I just had a discussion where the following two peices of C code were being discussed:
For-Loop:
#include <stdio.h>
#define n (196607)
int main() {
long loop;
int count=0;
for (loop=0;loop<n;loop++) {
count++;
}
printf("Result = %d\n",count);
return 0;
}
Recursive:
#include <stdio.h>
#define n (196607)
long recursive(long loop) {
return (loop>0) ? recursive(loop-1)+1: 0;
}
int main() {
long result;
result = recursive(n);
printf("Result = %d\n",result);
return 0;
}
On seeing this code, I saw recursive(loop-1)+1
and thought "ah, that's not tail call recursive" because it has work to do after the call to recursive
is complete; it needs to increment the return value.

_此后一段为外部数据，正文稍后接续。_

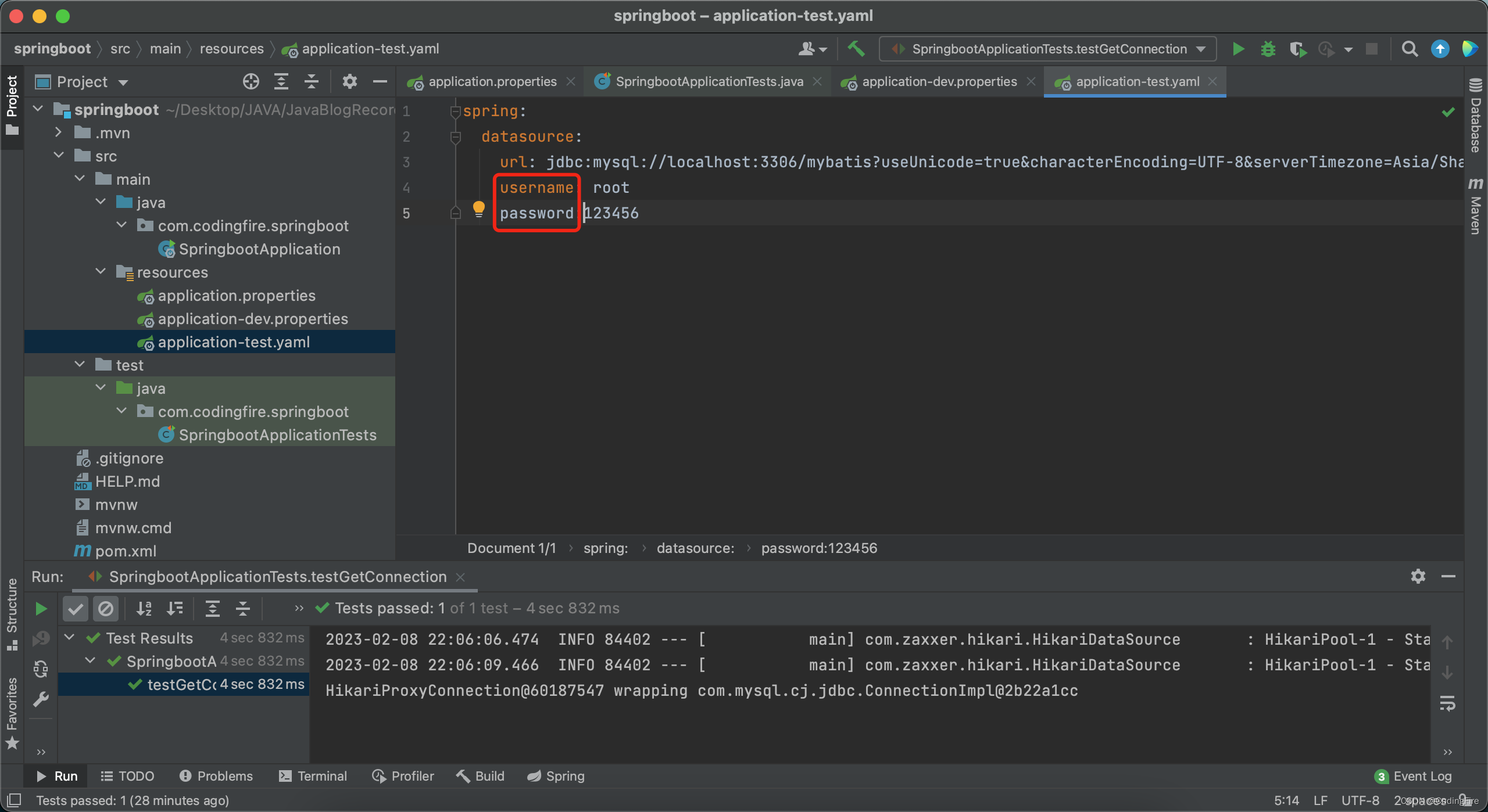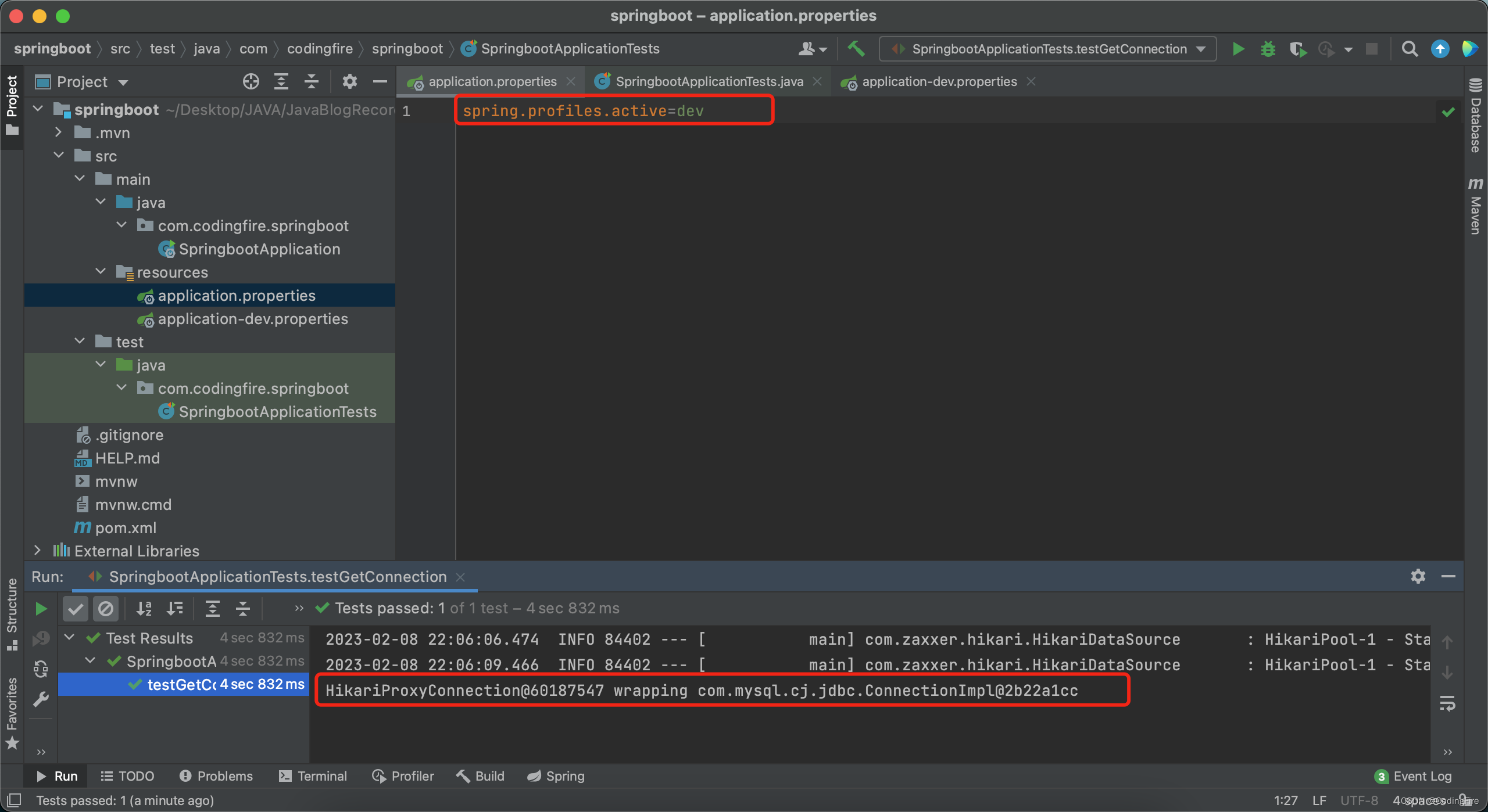此时 application.properties文件中只有这一句配置即可,原来的url等信息都需要放在dev所对应的配置文件中。接着我们重新运行上面的测试代码,发现运行成功,依然可以获取到配置中所包含的数据库信息。

Sure enough, with no optimisation, the recursive code triggers a stack overflow, as you would expect.
with the -O2
flag however, the stack overflow is not encountered, which I take to mean that the stack is reused, rather than pushing more and more onto the stack - which is tco.

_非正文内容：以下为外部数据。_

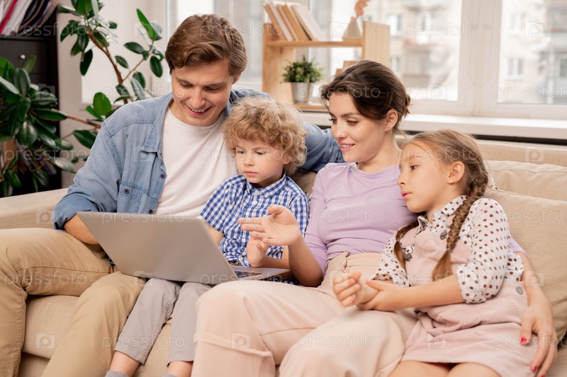Современная пара и два ребенка обсуждают фильм, пока смотрят его в свободное время

GCC can obviously detect this simple case (+1 to return value) and optimise it out, but how far does it go?
What are the limits to what gcc can optimise with tco, when the recursive call isn't the last operation to be performed?
Addendum:
I've written a fully tail recursive return function();
version of the code.
Wrapping the above in a loop with 9999999 iterations, I came up with the following timings:
$ for f in *.exe; do time ./$f > results; done
+ for f in '*.exe'
+ ./forLoop.c.exe
real 0m3.650s
user 0m3.588s
sys 0m0.061s
+ for f in '*.exe'
+ ./recursive.c.exe
real 0m3.682s
user 0m3.588s
sys 0m0.093s
+ for f in '*.exe'
+ ./tail_recursive.c.exe
real 0m3.697s
user 0m3.588s
sys 0m0.077s
so a (admittedly simple and not very rigorous) benchmark shows that it does indeed seem to be in the same order of time taken.
Just disassemble the code and see what happened. Without optimizations, I get this:
0x0040150B cmpl $0x0,0x10(%rbp)
0x0040150F jle 0x401523 <recursive+35>
0x00401511 mov 0x10(%rbp),%eax
0x00401514 sub $0x1,%eax
0x00401517 mov %eax,%ecx
0x00401519 callq 0x401500 <recursive>
But with -O1, -O2 or -O3 I get this:
0x00402D09 mov $0x2ffff,%edx
This doesn't have anything to do with tail optimizations, but much more radical optimizations. The compiler simply inlined the whole function and pre-calculated the result.
This is likely why you end up with the same result in all your different cases of benchmarking.
这篇关于GCC的尾巴呼叫优化如何'聪明'?的文章就介绍到这了,希望我们推荐的答案对大家有所帮助,也希望大家多多支持IT屋!